"So then I was having a Queen marathon in my office, and I realized that a big chunk of real estate in my brain is filled with Queen lyrics and not, say, algebra."
"Pfft. No one uses algebra. You're putting that space to good use."
"I need a black shirt."
"All of your shirts are black."
"I don't have a nice black shirt. Like, a fancy one."
"What exactly would constitute a fancy shirt?"
"Ruffles. And buttons."
"As opposed to the one that you have that ONLY has ruffles, and the one that ONLY has buttons?"
"You say that like it's weird."
"Goodness, what AM I thinking?"
"What did you do during lunch?"
"Put on makeup."
"Why would you do that?"
"I was having a craptastic morning. Nothing lifts a mood as quickly as black mascara, red lipstick, and big ass earrings."
"Some people do yoga."
"And some of us get FANCY. Whatevs."
"Dear God in Heaven, what happened to that Transformer?"
"He was. Um. Attacked by Decepticons. Decepticons with a giant laser? That trapped him in a state between robot and machine.
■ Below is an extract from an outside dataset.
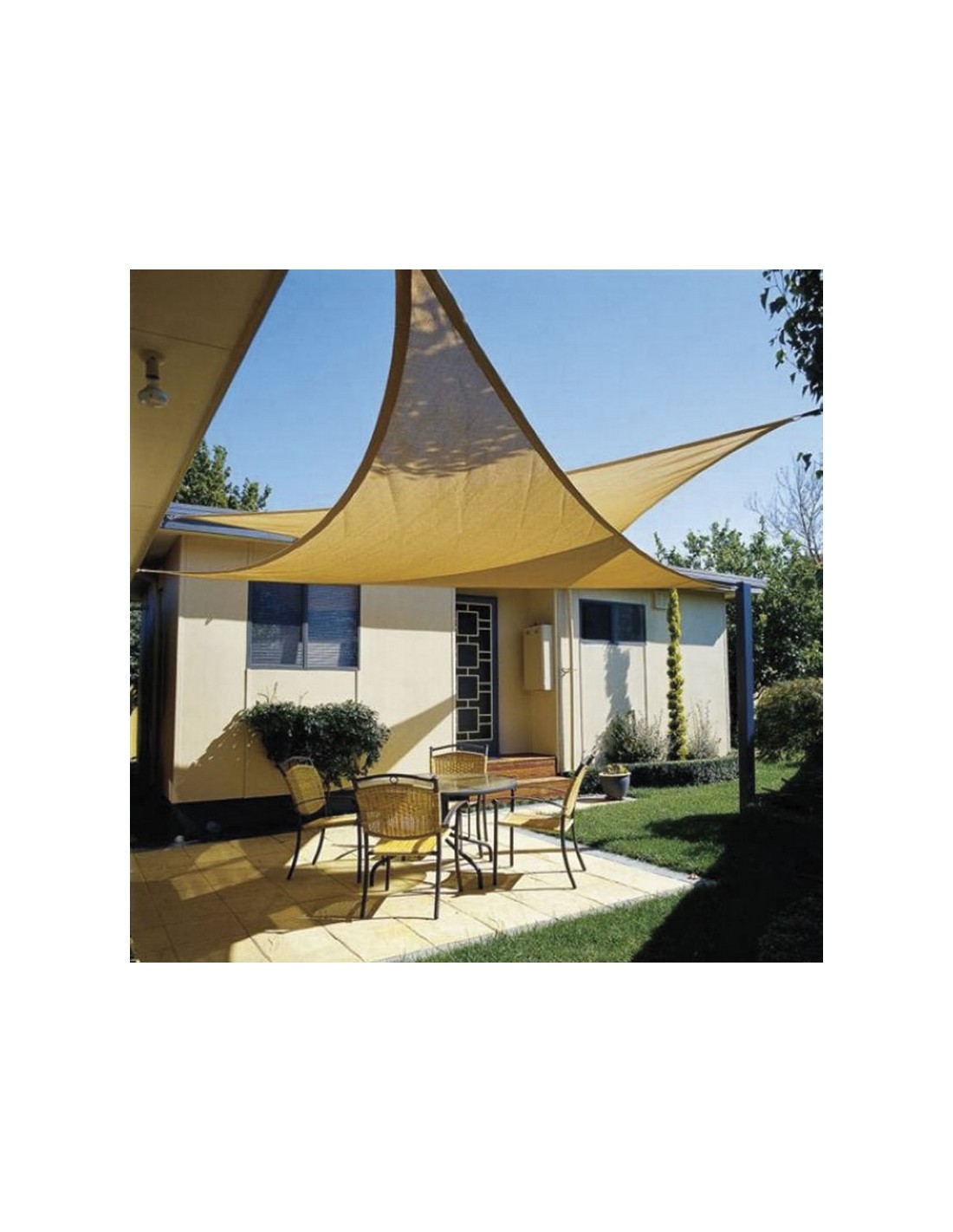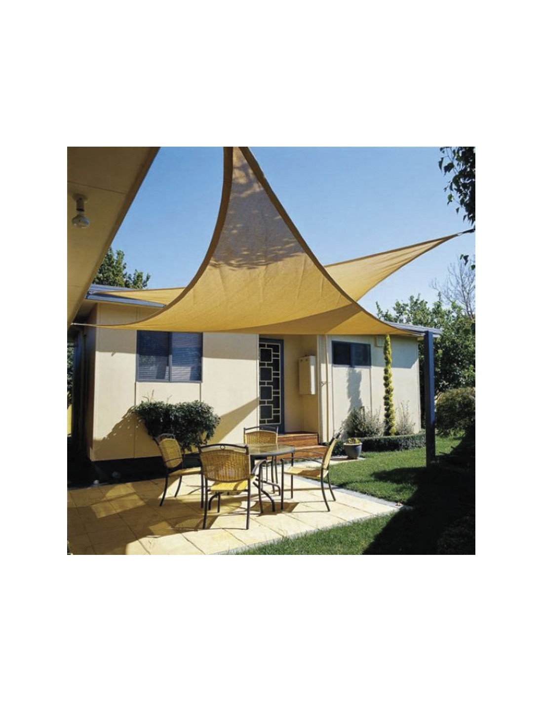 Toldo vela sombreador LISTA. HDPE 100% virgen (no reciclado) tejido. Resistente al moho y las manchas. El polietileno a diferencia de la tela o la lona no absorbe ni el agua ni la humedad. Diseño de alta resistencia con protección UV para evitar la decoloración y el deterioro. Densidad de 185 gr/m². Anillas de acero inox en las esquinas para su perfecta sujeción. Triangular. 3,6x3,6x3,6. Arena.

VERY UNFORTUNATE."
"You threw away the instructions and can't transform him."
"What do I look like, an engineer? HOW ARE THESE TOYS FOR CHILDREN? I can't figure it out and now he's stuck."
"Were you just singing 'Every Rose Has Its Thorn' into a HIGHLIGHTER?"
"NO! ... Yes. It's not a highlighter. It's a very yellow microphone."
"You are so weird."
"The imaginary crowd LOVED it. I got a standing ovation."
"And whatever will your encore be?"
"I was thinking 'Fallen Angel' but I'm willing to take requests."